Example 2: Running on a specific MIT resource, e.g. T2_US_MIT requirements = GLIDEIN_Site == "MIT_CampusFactory" && BOSCOCluster == "ce03.cmsaf.mit.edu" && (BOSCOGroup == "paus" || BOSCOGroup == "bosco_cms") && HAS_CVMFS_cms_cern_ch
Example 3: Enabling OSG +ProjectName = MyProject +REQUIRED_OS = "rhel6" requirements = \ (OSGVO_OS_STRING == "RHEL 6" && HAS_CVMFS_cms_cern_ch) || \ (HAS_SINGULARITY == true || GLIDEIN_REQUIRED_OS == "rhel6") || \ (GLIDEIN_Site == "MIT_CampusFactory" && (BOSCOGroup == "paus" || BOSCOGroup == "bosco_cms") && HAS_CVMFS_cms_cern_ch)
Example 4: Adding US CMS +ProjectName = MyProject +DESIRED_Sites = "site1,site2,..." +REQUIRED_OS = "rhel6" requirements = \ (OSGVO_OS_STRING == "RHEL 6" && HAS_CVMFS_cms_cern_ch) || \ (HAS_SINGULARITY == true || GLIDEIN_REQUIRED_OS == "rhel6") || \ (GLIDEIN_Site == "MIT_CampusFactory" && (BOSCOGroup == "paus" || BOSCOGroup == "bosco_cms") && HAS_CVMFS_cms_cern_ch)
Example 5: Avoiding certain sites +ProjectName = MyProject +DESIRED_Sites = "site1,site2,..." requirements = ( \ (OSGVO_OS_STRING == "RHEL 6" && HAS_CVMFS_cms_cern_ch) || \ (HAS_SINGULARITY == true || GLIDEIN_REQUIRED_OS == "rhel6") || \ (GLIDEIN_Site == "MIT_CampusFactory" && (BOSCOGroup == "paus" || BOSCOGroup == "bosco_cms") && HAS_CVMFS_cms_cern_ch) \ ) && ( \ isUndefined(GLIDEIN_Entry_Name) || \ !stringListMember(GLIDEIN_Entry_Name, "CMS_T2_US_Nebraska_Red_op,CMS_T2_US_Nebraska_Red_gw1_op,CMS_T2_US_Nebraska_Red_gw2_op,CMS_T3_MX_Cinvestav_proton_work,CMS_T3_US_Omaha_tusker,CMSHTPC_T3_US_Omaha_tusker,Glow_US_Syracuse_condor,Glow_US_Syracuse_condor-ce01,Gluex_US_NUMEP_grid1,HCC_US_BNL_gk01,HCC_US_BNL_gk02,HCC_US_BU_atlas-net2,OSG_US_FIU_HPCOSGCE,OSG_US_Hyak_osg,OSG_US_UConn_gluskap,OSG_US_SMU_mfosgce", ",") \ )

Restricting your jobs to MIT T2

While you have access to a larger computing pool than MIT T2, some of your jobs may be optimized or designed to be run at MIT T2. To restrict your jobs to only run at MIT, add the following to your requirements. requirements = GLIDEIN_Site == "MIT_CampusFactory" && BOSCOCluster == "ce03.cmsaf.mit.edu" && BOSCOGroup == "@group@" && HAS_CVMFS_cms_cern_ch Where @group@ is bosco_cms for MIT CMS HEP collaborators, bosco_cmshi for MIT CMS HIG collaborators, and bosco_lns for other LNS members.

Important differences between SubMIT and T2

SubMIT does not have a large user local space.
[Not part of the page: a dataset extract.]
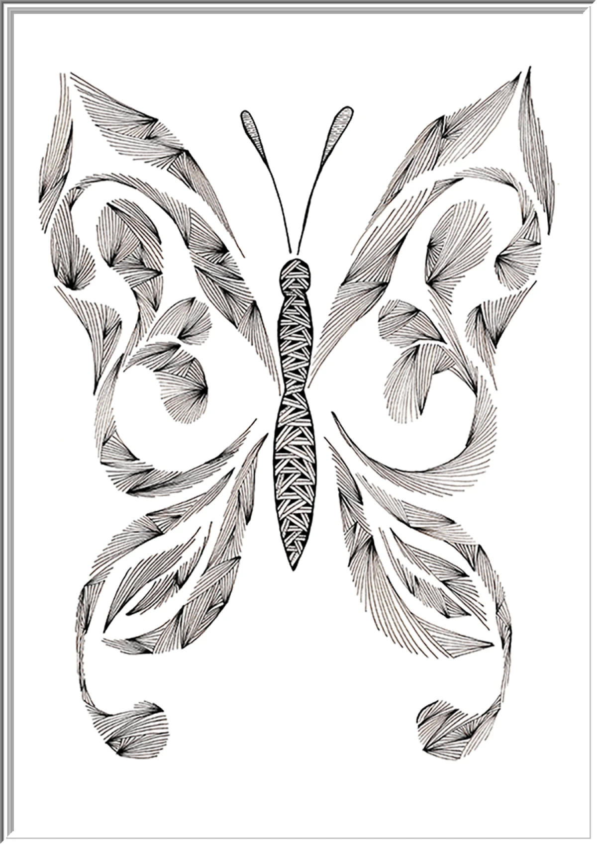 Skrzydła nie są wypełnione kolorem, lecz składają się z gęsto rysowanych, falistych linii, które układają się w wirujące, ażurowe kształty, nadając postaci motyla wrażenie lekkości, ruchu i niemal przejrzystości.

Large job output should be copied to T2 /mnt/hadoop via gfal-copy or lcg-cp in the job executable. If you restrict your jobs to run at T2, it is possible to use normal cp and mv, but the commands will be executed by the user of the BOSCOGroup.
HTCondor at SubMIT cannot access the user home directory (AFS authenticates with kerberos, the system user condor does not have your ticket). All job inputs and scripts should be placed within /work/{user}.
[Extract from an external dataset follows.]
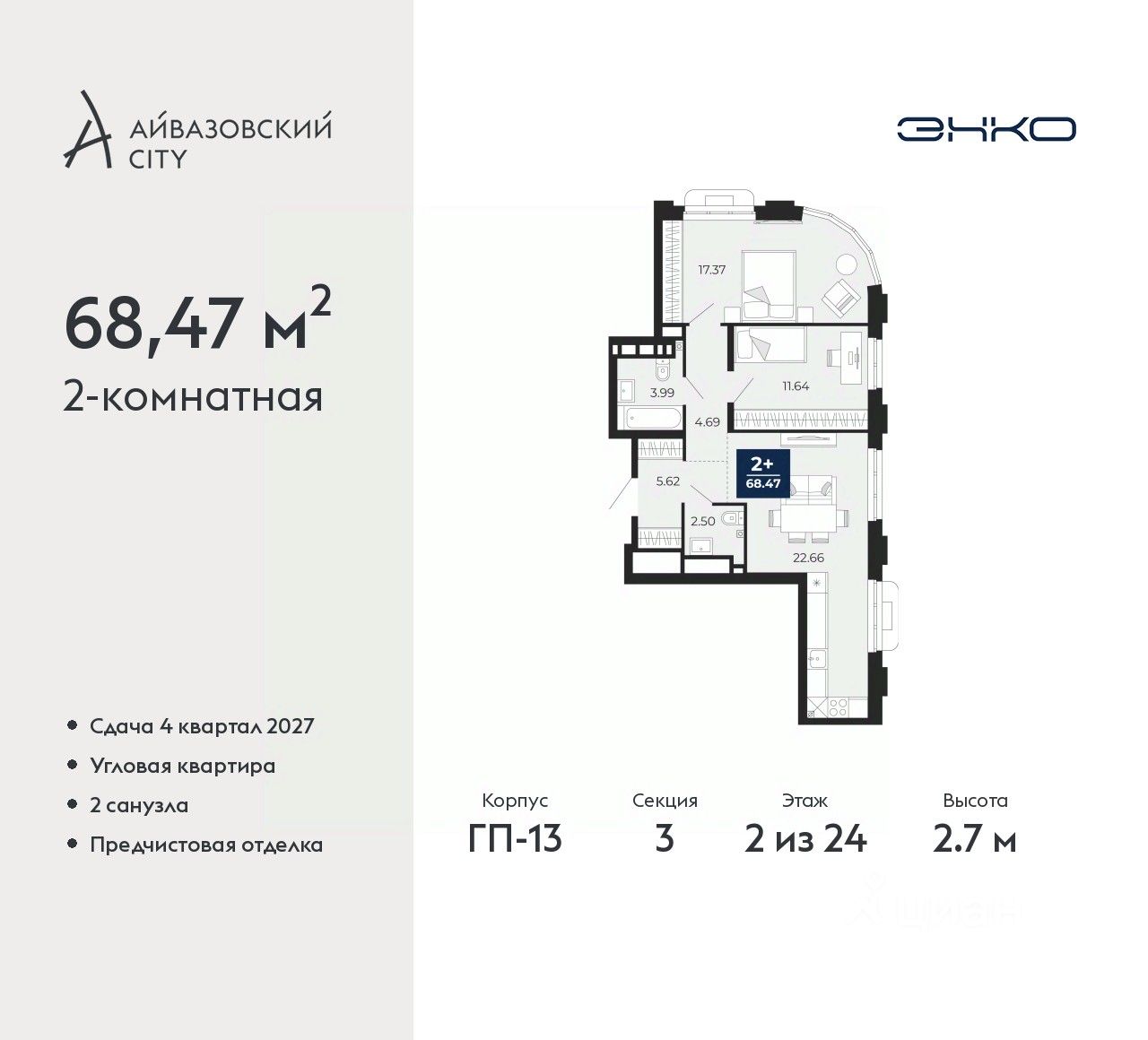 Продается 2-комн. квартира с предчистовой отделкой в ЖК "Айвазовский City" на 2 этаже. Общая площадь: 68.47 кв.м., жилая: 29.01 кв.м., площадь просторной кухни-столовой: 22.66 кв.м. Квартира угловая, идеально подойдет любителям тишины и панорамных видов. В квартире один совмещенный и один раздельный санузел. Высота потолков 2.7 м.

Operations no longer possible at SubMIT

Log in to a worker node to read the output of a running job. You can instead use condor_chirp to make the executables send the log file.
Anything T2 local, unless you restrict your jobs to T2 only.
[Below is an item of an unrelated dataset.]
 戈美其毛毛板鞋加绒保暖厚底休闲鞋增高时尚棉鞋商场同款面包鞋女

Copy tools and file permissions

Recommended method for writing to T2 storage is lcg-cp or gfal-copy. By reading inputs via CVMFS or xrootd and writing the output with such grid tools, your jobs will be fully unbound and can run on any resource.

To copy back the job output to T2, use the following lines at the end of your executable script (bash): if which gfal-copy then gfal-copy file://$PWD/output_file srm://se01.cmsaf.mit.edu:8443/srm/v2/server?SFN=destination_full_path else lcg-cp -v -D srmv2 -b file://$PWD/output_file srm://se01.cmsaf.mit.edu:8443/srm/v2/server?SFN=destination_full_path fi In a highly heterogeneous pool, it is possible that the worker node does not have either of the command installed. In such a case the output is not retrievable; you may want to check the command availability at the very beggining of your script and abort the job immediately if there is no way to get the output back.

Files written by gfal-copy or lcg-cp will be owned by a "grid user". To delete them, use gfal-rm from SubMIT. This also means that the output directory must have proper permissions. The grid copy tools will create whatever directories that do not exist, as long as allowed by the permission settings.

Running a CMSSW job

/cvmfs/cms.cern.ch is mounted on SubMIT, and therefore most of CMSSW setup should work without additional changes.
The only difference is in Frontier (i.e. GlobalTag) connection. The node is not part of any CMS site and therefore needs to be manually pointed to a squid proxy: process.GlobalTag.connect = 'frontier://(proxyurl=http://squid.cmsaf.mit.edu:3128)(proxyurl=http://squid1.cmsaf.mit.edu:3128)(proxyurl=http://squid2.cmsaf.mit.edu:3128)(serverurl=http://cmsfrontier.cern.ch:8000/FrontierProd)/CMS_CONDITIONS' This is only necessary when executing cmsRun directly on submit.mit.edu. Be sure to remove the line for the CMSSW configuration that is shipped to the condor pool.

Making jobs identifiable

A standard technique to make your jobs identifiable is to pass the ClusterId and ProcessId of the job to the job as command-line arguments. This is done by using the arguments line of the job description: arguments = {other arguments} $(ClusterId) $(ProcessId) {other arguments}

Using condor_chirp for semi-realtime logging

Only for test and debugging.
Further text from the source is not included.